Gli Ermellini hanno inoltre affermato che "ai fini del differimento della pena, rilevano anche le patologie di entità tale da far apparire l'espiazione della pena in contrasto con il senso di umanità a cui si ispira la norma dell'art. 27 Cost., in quanto capaci di determinare una situazione esistenziale al di sotto della soglia di dignità che deve essere rispettata anche nelle condizioni di restrizione carceraria (Sez. 1, n. 22373 del 08/05/2009; Sez. 1, n. 27352 del 17/05/2019)".

"La sussistenza di una patologia psichica sopravvenuta alla carcerazione - spiegano - deve, pertanto, essere accertata e valutata al pari delle patologie fisiche, potendo anch'essa dare luogo ad una incompatibilità delle condizioni di salute con la detenzione carceraria".

Il Tribunale di sorveglianza, nell'ordinanza impugnata, non ha applicato tali principi, in quanto ha valutato in modo non approfondito le condizioni di salute del ricorrente, per cui nel caso di specie, concludono i giudici di piazza Cavour accogliendo il ricorso, occorre "accertarsi, se necessario mediante perizia, la effettiva sussistenza di uno stato depressivo e la sua gravità.
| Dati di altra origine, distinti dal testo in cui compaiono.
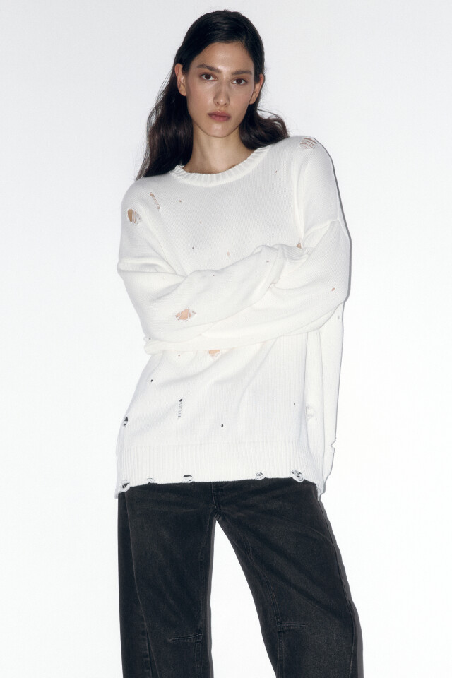 Джемпер толстой вязки рваный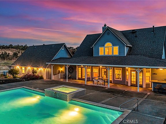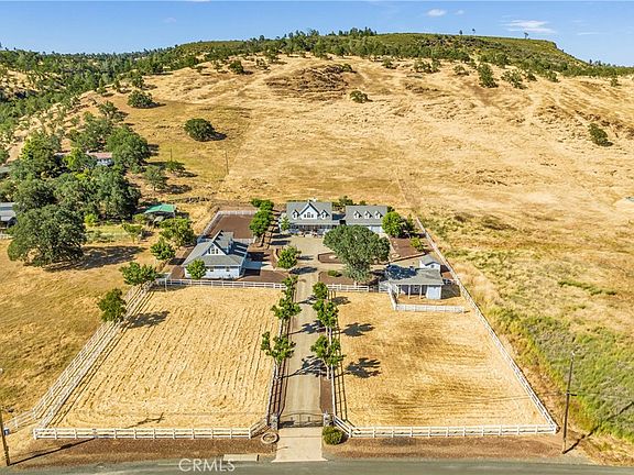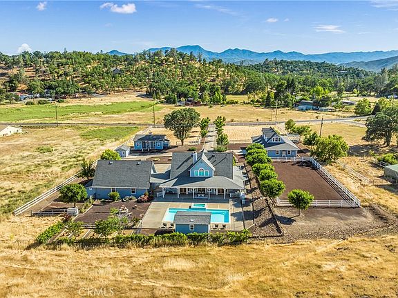 Equestrian Estate at Hidden Valley Lake! One of a Kind 5+ Acre Rancho property (no dues!) includes a 4 bed / 3 bath home with 2,460 SF, a 35,000 gallon POOL & SPA + Pool house storage room, an oversized 3 car garage/shop, Massive shop building with kitchenette + full bath, 2 stall horse barn and riding arena! As the electric gate opens, prepare to be impressed by the long tree studded driveway that leads to a well manicured and fully fenced/cross fenced property. 2 front pastures provide an open space for animals to graze. Gravel and concrete throughout the property for clean and easy access to the home and detached buildings. Enter to find beautiful hardwood flooring on the main level, large living area with 2 story ceilings + crown molding, a formal dining room + breakfast nook and a large kitchen with center island, stainless steel appliances and plenty of cabinetry for storage. Indoor laundry with washer/dryer included! 2 sets of french doors lead to the covered deck with outdoor entertainers bar, large patio with sparkling pool + spa and a small pool house, great to store all the pool toys and essentials! Beyond the pool area are raised garden boxes and more open space to be developed as you see fit! 2 beds + 2 baths on the main level including the primary suite with backyard access & ensuite bathroom with large jetted tub and walk-in shower. Upstairs find 2 additional bedrooms with double closets & full bathroom. The breezeway adjoins the large 3 car garage/shop with a staircase to an undeveloped bonus area. Massive shop building with kitchenette and full bathroom was used to store classic cars. 2 stall horse barn and tack room is fully padded including fire sprinklers. Pump house supplies well water to all buildings and irrigates over 30 trees including oak, fruitless mulberries, smoke, flowering dogwood, maple, various fruit trees & more! Upgrades include underground electric, automatic 22,000 KW generator with separate fuel supply that runs the entire property, gutter guards on all buildings, water softener, solar attic fans on the house and Hardie Board cement siding on house, garage and pool house. This INCREDIBLE property shows attention to detail and pride of ownership. Country living at its absolute finest!

La depressione è, infatti, una patologia che, se particolarmente grave, può risultare incompatibile con la prosecuzione della detenzione in carcere, rendendo quest'ultima una fonte di sofferenze aggiuntive, incompatibili con il concetto di rispetto della dignità umana e con la finalità rieducativa della pena, o causare il peggioramento delle condizioni psichiche del detenuto".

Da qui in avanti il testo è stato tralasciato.